Unfettered capitalism has caused widespread damage, but is there a feasible alternative? Journalist Dan Hancox brings us intelligence from the frontline of a thriving communist utopia in Spain, and discusses the possibility of a global paradigmatic shift.
We don’t need to look very far to find evidence of western capitalism’s failings. The age-old principle of growth for growth’s sake has led to gaping inequalities, widespread unemployment, voter disenfranchisement, rampant consumerism, environmental damage, and even brought the financial world itself to the brink of absolute collapse. The Occupy movement had its successes, but momentum was lost and the monolithic system of global corporate capitalism seemed unshakeable. Even staunch defenders of the status quo acknowledge capitalism’s flaws, but ask - what’s the alternative? Is change possible?

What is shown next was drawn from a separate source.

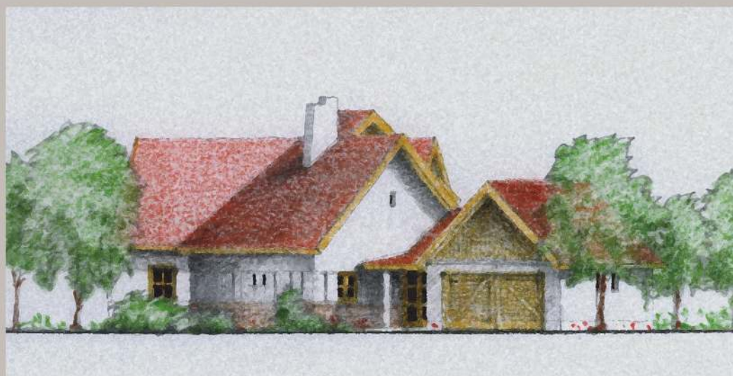
utcai homlokzat m=1:200
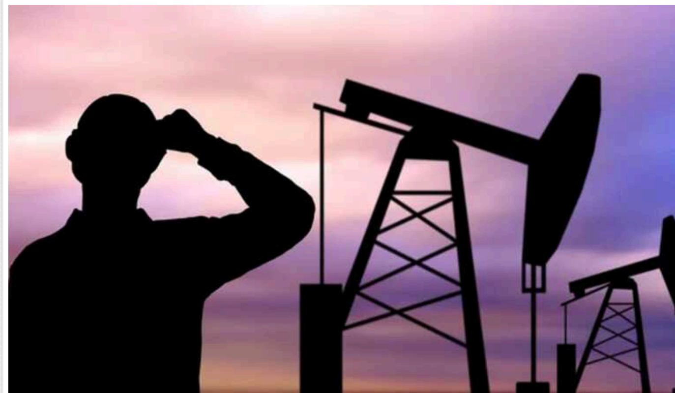
Reuters: Індійський НПЗ відмовився приймати російську нафту

Індійська компанія Reliance Industries не купуватиме російську нафту, завантажену на танкери "Совкомфлота", після нещодавніх санкцій США.

For a small village in Andalusia, Spain, the answer is a resounding ‘yes’. Marinaleda, a community founded on mutual aid and collectivism, has withstood the global financial crisis far better than its peers: 5 per cent of the town’s working population are unemployed, compared to 40 or 50 per cent in many nearby. Governed by a charismatic mayor who raids supermarkets to distribute food to the poor, and offers non-profit mortgages on state-owned properties, Marinaleda offers a glimpse of how things might be otherwise. But can this be scaled beyond the city walls? What are the drawbacks? Is Marinaleda spearheading a potential global paradigmatic shift, or is it an isolated incidence of rebellion?
Speaker: Dan Hancox is a journalist, who writes about music, politics and everything else, for The Guardian, New Statesman, Frieze, Five Dials, The National, New Inquiry, Salon and others.
Chair: Anthony Painter, Director of the Independent Review of the Police Federation, and author of Left without a future? Social Justice in Anxious Times.